The daughter of an Army officer, Jenny was just 11 at boarding school when she was picked out of her dance class by a Walt Disney scout.
Aged 15, she played Roberta in the 1968 BBC television production of The Railway Children and reprised the role two years later in the famous film version.
Hollywood roles in The Eagle Has Landed and Logan's Run followed, but she let her career play second fiddle after marrying Johan in 1990, aged 37, and having a son.
In recent years she has been back on our television screens in Spooks and is currently filming Call The Midwife, a new series, also starring Pam Ferris and Miranda Hart, due to be screened next year. She has also landed a small role in a big-budget movie version of The Avengers, anticipated to be next year's summer blockbuster.
Attracted to the area by the reasonable prices, Jenny and Johan bought their Camberwell home in 2000 for about £900,000. The previous owner had allowed its condition to become tatty, so before moving in they spent an estimated £350,000 renovating and extending, using top-quality materials throughout.
Child star: Jenny Agutter, far left, in the classic film The Railway Children
They pushed the house out at the back to make a larger basement kitchen and longer reception rooms on the first two floors.
Johan installed two lovely fire-places taken from hotels he had renovated and the couple rewired and replastered each room, repairing and restoring all the sash windows and window shutters.
Three years later, they spent another £150,000 building a separate house, with a vaulted ceiling, behind the courtyard garden.
They divided the space into a double-height studio room with beautiful maple panelling, an en suite bedroom and an office space above.
'Initially it was for my mother, who was using a wheelchair before she died,' says Jenny, 'but now it makes perfect guest accommodation and adds another 500sq ft to the home.'
Jenny says she adores travelling to the couple's Cornish property for its contrast to London living - the stillness, slow pace of life and wonderful views over the sea she can enjoy on the clifftops of the Lizard Peninsula.
KEY FACTS
Price: £1.8million
Bedrooms: Five
Receptions: Five
Bathrooms: Three
Outside: Courtyard, one-bedroom mews house
Agent: Roy Brooks,
She has even become a patron of a local theatre, Hall for Cornwall in Truro, 25 miles from the cottage. 'But I couldn't live in Cornwall all the time,' she adds. 'I'm the sort of person who needs to have a lot on the go and I love the buzz of the city - I can't be away from London for long.'
Because Jenny feels at home in Camberwell, the couple have snapped up three two-bedroom flats in a luxury new-build scheme in the area, each costing about £500,000.

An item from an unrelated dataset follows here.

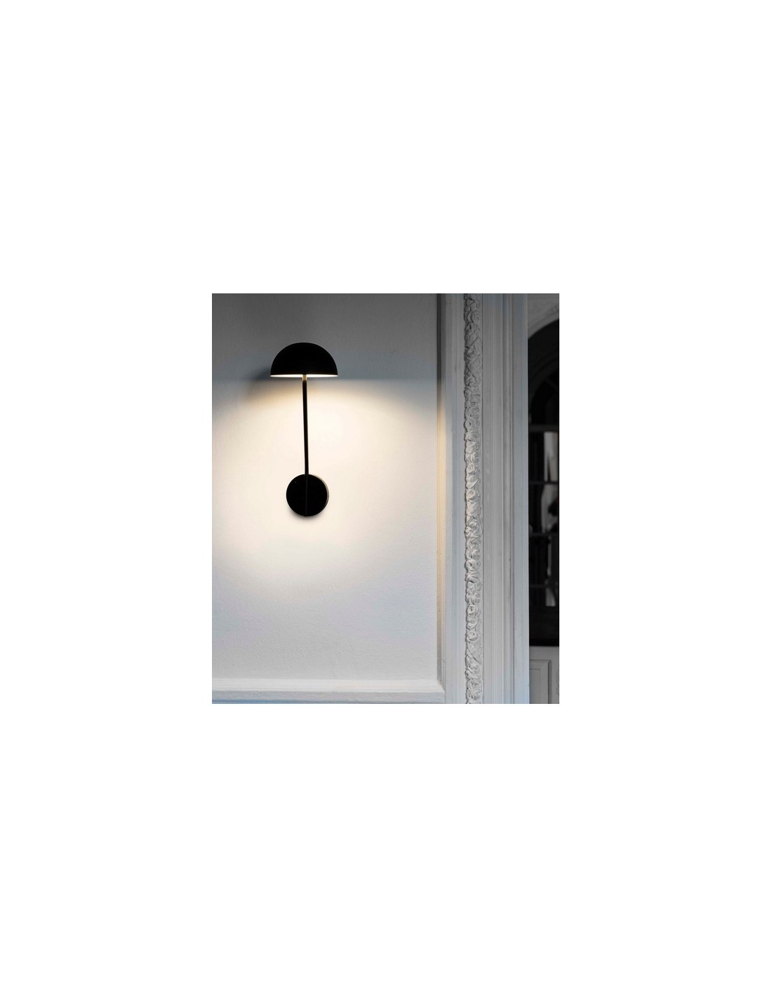 Pure is a wall light designed by Nahtrang, featuring a minimalist aesthetic and soft lines. Its matte black steel structure combines a round backplate with a slim arm and a rounded head that integrates the light source. The transparent PMMA diffuser distributes the light evenly, creating a warm, discreet wall-wash effect.

This year they worked with developers to knock two flats together, making a spacious three-bedroom apartment. The other flat is for Jonathan when he returns home.
'Camberwell is only a 15-minute bus ride from London's theatres so it's almost as convenient as living in Central London,' says Jenny. 'But prices are so much more reasonable here.'
Ed Mead, of estate agents Douglas and Gordon, says: 'Camberwell appeals to those who would like to live in Chelsea and can't afford it but who also want to live somewhere more architecturally interesting than Wandsworth or Clapham.
'Unfortunately, it was largely town-planned by the Luftwaffe and the crime is a turn-off.'
Local agents Bairstow Eves claims prices have risen by about 12 per cent on 2007 levels, except among one-bedroom flats, which aren't selling.
A strong rental market sees eight per cent returns for ex-local authority or modern flats. Victorian flats in prettier roads achieve smaller yields, about six per cent, but they have a better chance of capital growth.